Power Wheelchair
Power/Motorized Wheelchairs
Medicare:
A powered wheelchair may be covered if:
- The beneficiary has a mobility limitation that significantly impairs his/her abilities to participate in one or more Mobility Related Activities of Daily Living (MRADL’s) in the home (toileting, feeding, dressing, grooming and bathing).
- The beneficiary/caregiver is able to use the equipment safely.
- A cane/walker is not sufficient and the beneficiary is unable to self-propel a manual wheelchair.

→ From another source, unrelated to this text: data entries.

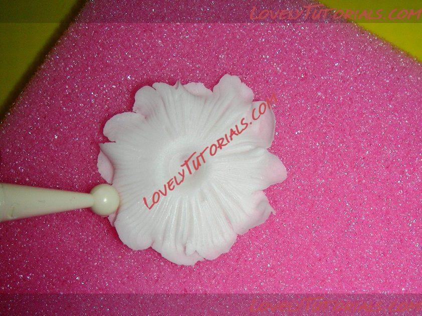 Für die inneren Blütenblätter weiße Blütenpaste auf dem Cell-Board ausrollen. Dann mittelgroße Herzen (6cm) ausstechen, so dass die entstandene Wulst unten in der Mitte des Herzens ist. Einen 24g Draht mit Zuckerkleber befeuchten und vorsichtig in die Wulst schieben.
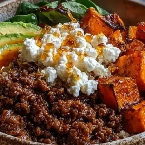 This High Protein Hot Honey Beef Bowl balances sweet heat, creamy tang, and earthy roasted sweet potatoes for a bowl that feels like comfort food with a protein punch. The ground beef glazed in hot honey gives sticky, savory bites; roasted sweet potatoes add soft, caramelized texture; cottage cheese brings cool creaminess while avocado adds silky richness. It’s fast to pull together and works great for a weeknight dinner, a filling lunch, or a simple meal-prep bowl. If you like hearty bowls, also try a similar idea with a burger-style twist by checking this recipe for high protein cheeseburger bowls.
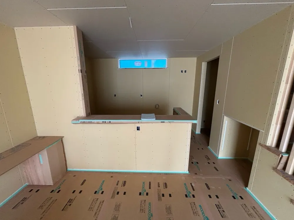 天井に設置された照明の配線も確認でき、完成後の明るく快適な住空間が目に浮かびます。
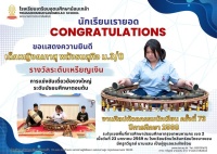 นักเรียนเรายอด : ได้รับรางวัลระดับเหรียญเงิน เครื่องสายผสมขิม ระดับมัธยมศึกษา

- The home environment must be able to support the use of the equipment.
Documentation Required:
- A written order from the treating physician within 45 days of a face to face exam. The written order must include:
- Beneficiary’s name
- Description of item ordered - power mobility device
- Date of the face to face exam
- Pertinent diagnoses/conditions that relate to the need for the power mobility device
- Length of need
- Physician signature and date
- Copy of chart notes from physician which documents:
- Symptoms
- Related Diagnoses
- History – how long the condition has been present, the progression, past interventions that have been tried and past use of any mobility devices
- Physical Evaluation - weight, impairment of strength/range of motion/coordination of limbs, presence of abnormal tone/deformity, neck/trunk/pelvic flexibility, and sitting and standing balance
- Functional Assessment - any problems with the need for assistance to transfer between a bed and equipment or walking around the home (including distance/speed/balance)
- How/why the beneficiary cannot use a cane/walker or manual wheelchair and why it is unsafe
- An Assessment by a physical or occupational therapist for certain power wheelchairs is required. This must be added to the physician’s chart notes.
- A Detailed Order will be sent to the physician for his final approval after all equipment needs are evaluated.